Hello CF , First thing first , happy new year , May this year bring you health , happiness and successes in all you do !
i have struggled to understand Palindrome Pairs solution "in terms of bitmasks" , as i'm newbie.
i didn't thought about the iterative solution as it will be o(n^2) which will case TLE ,so i was trying to get a better solution and i wasn't able to , so i saw the solution which is something like this:
int main()
{
FastIO;
ll n ;cin >>n;
map<ll,ll> mp;
ll ans = 0;
while(n--)
{
STR s;cin>>s;
ll m = 0;
for(auto x : s)
{
ll v = x-'a';
m ^= (1 << v);
}
ans += mp[m];
for(int x = 0 ; x < 26 ; x++)
{
m ^= (1 << x);
ans += mp[m];
m ^= (1 << x);
}
mp[m]++;
}
cout << ans;
}
i don't get it , i mean i know to check if a string is a Palindrome or not we get it's mask and check it's power of 2 or not by XOR'ing the values of each char ....help
..
I didn't use masks, just used vectors
My submission
can you explain your submission , please
For a permutation to be a palindrome, there should be either no odd freq alphabet(obtained by taking each freq array twice) or exactly 1 odd freq alphabet(switching each even freq to odd and checking how many are there)

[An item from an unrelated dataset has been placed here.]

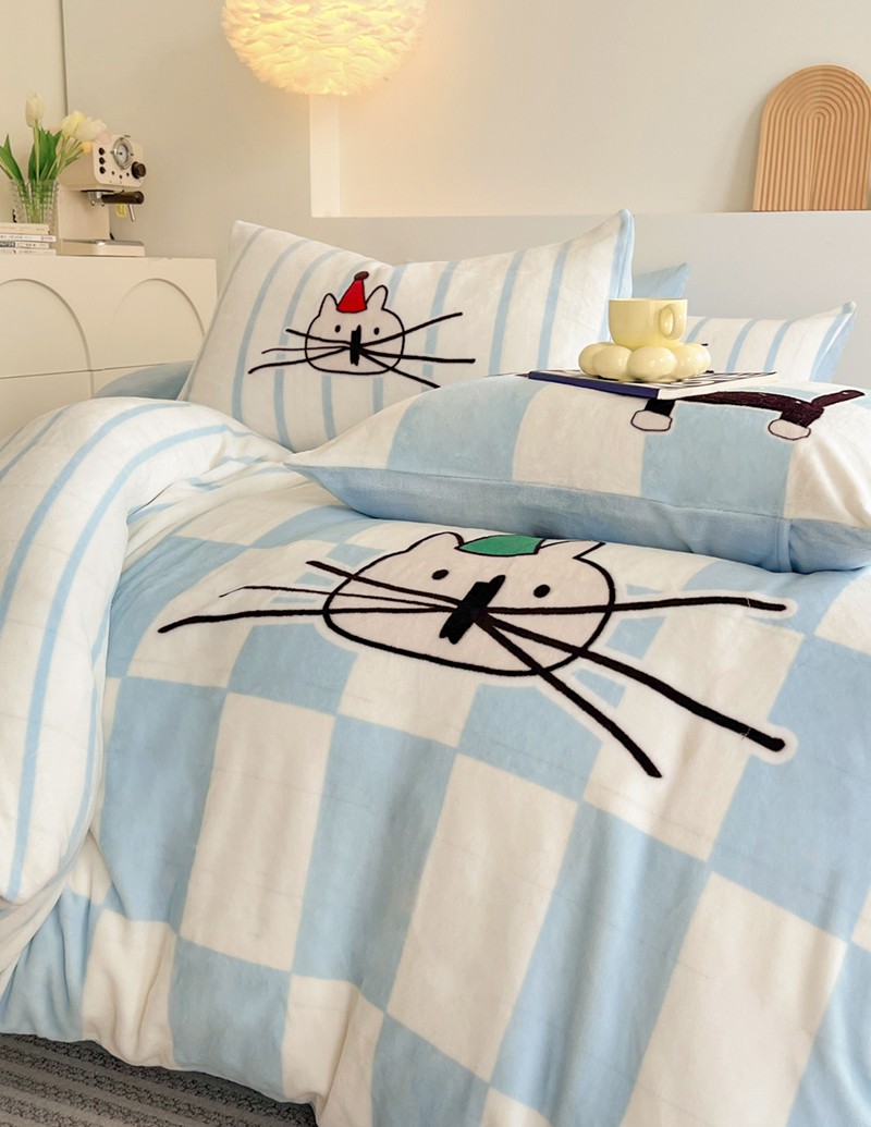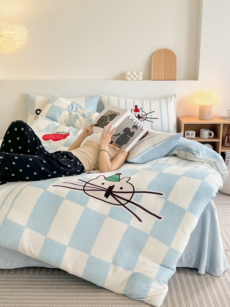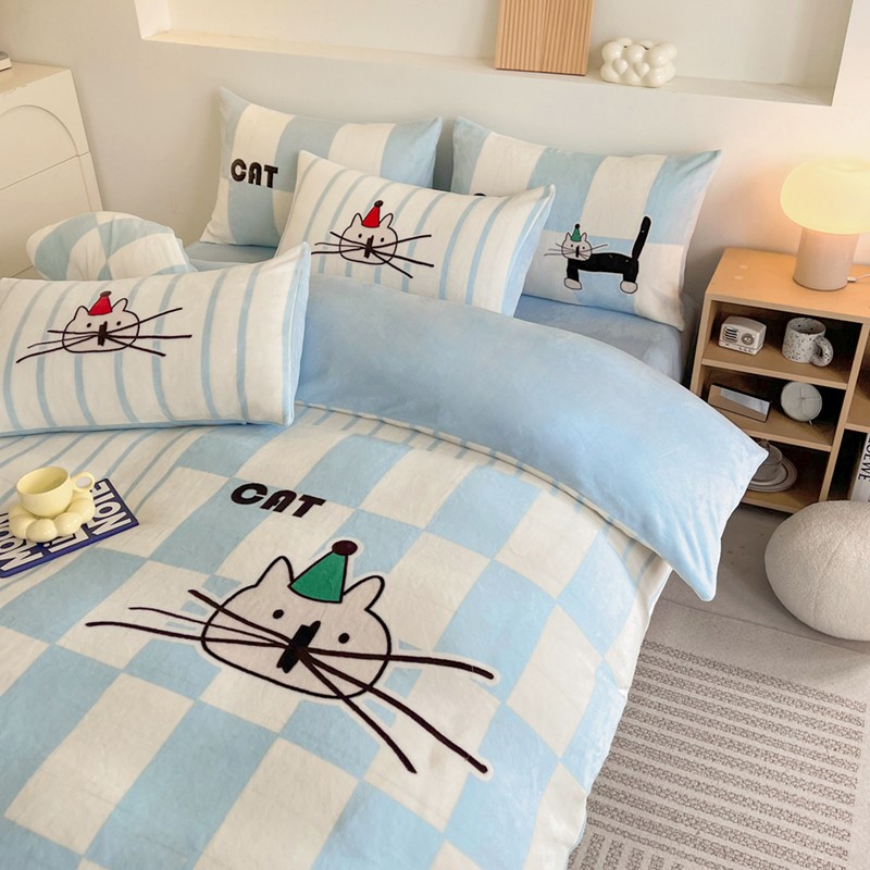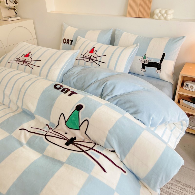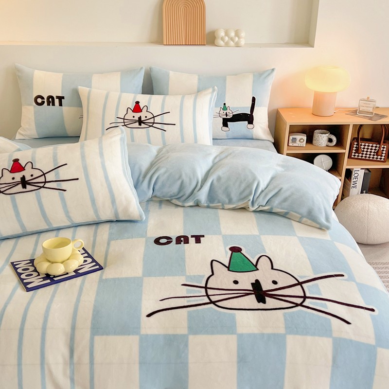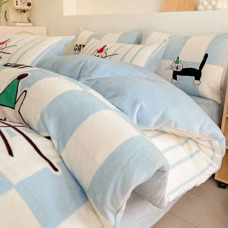 寐居家纺 2023新款ins数码印花牛奶绒四件套 乐町猫咪

Basically a pair is good, if it has at most one letter which has odd frequency (Because otherwise we wouldn't form a palindrome). So what we really care about is the parity of frequency of every letter. The bitmask has 1 (on position i) if it has odd frequency for i-th letter, otherwise 0. You can see that two bitmasks are good pair, if they differ on at most one position. We iterate over this position brutally and add to answer the number of pairs formed with the current string (m^(1<<x) differs exactly on one bit from m and in mp[x] we count the number of strings which have mask x so far). Of course we also add to the answer the number of the strings which have the same mask as current string.